I had experimented witn my B&D mouse sander. I took a piece of leftover 5/32 blade steel about 3" long and put on a piece of industrial strength sticky back velcro on one side, the opposite of what is on the sander. Then I used 3M 77 spray on plain sheets and attached that to the bottom of the steel. I got mad fish hooks and did not want to deal. Maybe I need to try again. I was happier than a pig in slop when I got my disc sander up and running, I use strictly 220 on it to get my flats flat and so on. If I could try this again to get me through to 600 then hand rub, that would be nice! I am so procrastinating on getting an optivisor, but heres the question. What magnification?
 
Bruce, can you clarify this part for me. I keep turning my head to the side, but it doesn't seem to work for me like it does for dogs.

Fiddleback,

He's saying that after you get your flats ground on the belt, move to the palm sander to finish them off. The first time I read it I thought he meant to attach it to the side of the grinder as an extension. I assume thats what you thought too?

Bruce,

I have yet to try this, just wondering if you still utilize this or have you moved to something else?
 
Yes I still use this methode on all my knives....I now start with 400 grit paper and work my way up to 1000 or 1500 grit..Yes you get crazy fish hooks but they lesson as you work up the grits....The finishing trick is to use the palm grip one grit higher than you want the final finish to be then back up one grit and do your finish rub by hand with that grit,cool---no more fish hooks....

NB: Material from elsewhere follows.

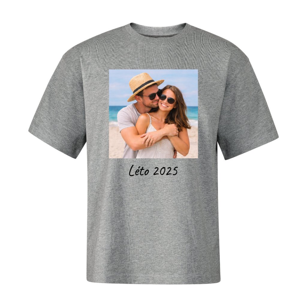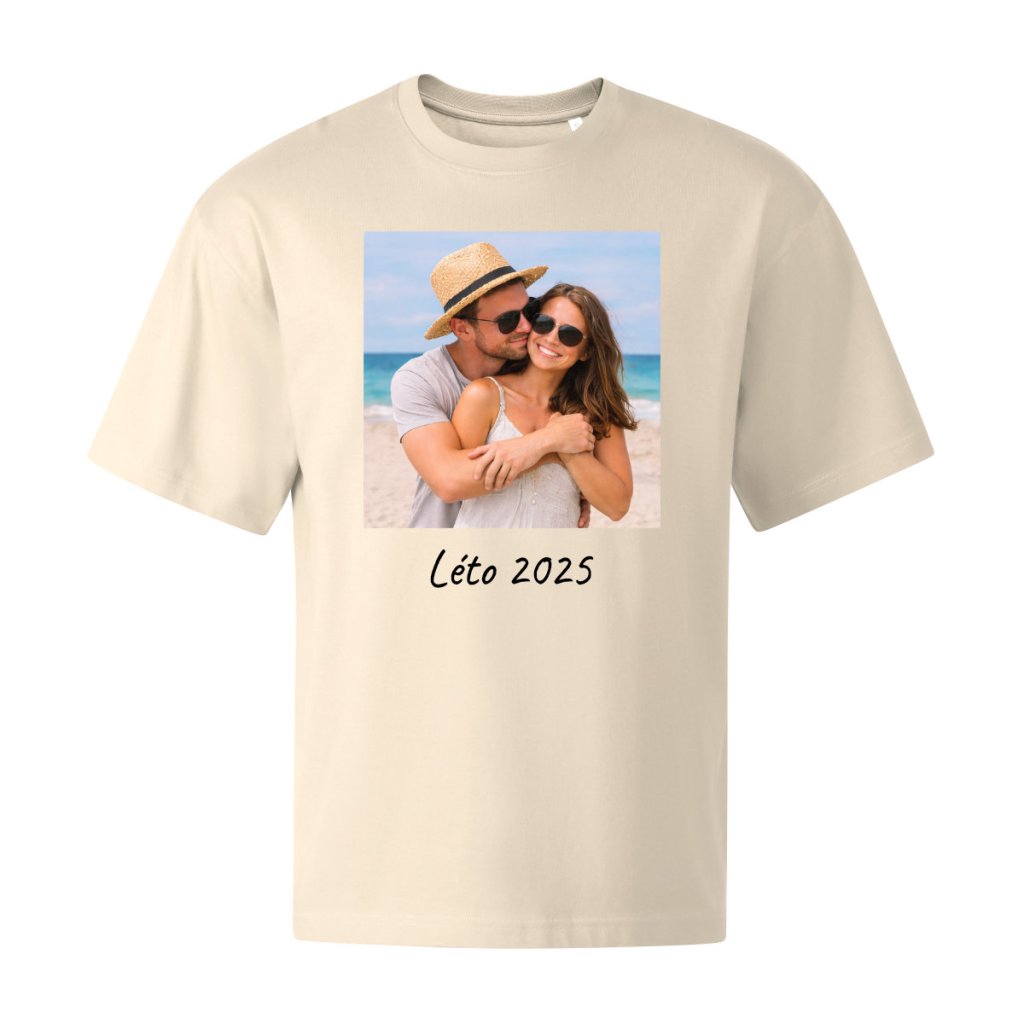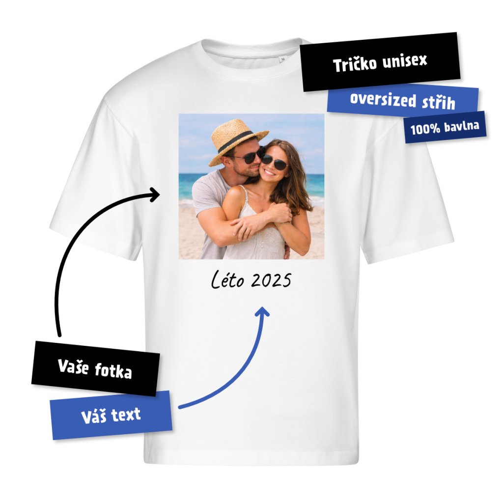 Nahrajte jednu vlastní fotku, přidejte volitelný text a my vám vytvoříme originální tričko přesně na míru. Před výrobou vám vždy pošleme náhled ke schválení a teprve poté tričko potiskneme na kvalitní unisex tričko s moderním oversized střihem.

I use 1.5 power magnification in front of my byfocals when finishing a blade,then I check it over with 3 power or my 15 power loop...

If you are one of those guys who like to etch his blades to show age or a hammon line,you just need to palm grip finish to a high paper then etch and yu will not see the fishooks either....

Grinder-Palm grip-Hand rub.....That is what I meant by saying it is a extension of my grinder..

Bruce
 
Fiddleback,

He's saying that after you get your flats ground on the belt, move to the palm sander to finish them off. The first time I read it I thought he meant to attach it to the side of the grinder as an extension. I assume thats what you thought too?

Thanks for the responses guys. That is exactly what I was trying to picture. Duh. I'm a newb.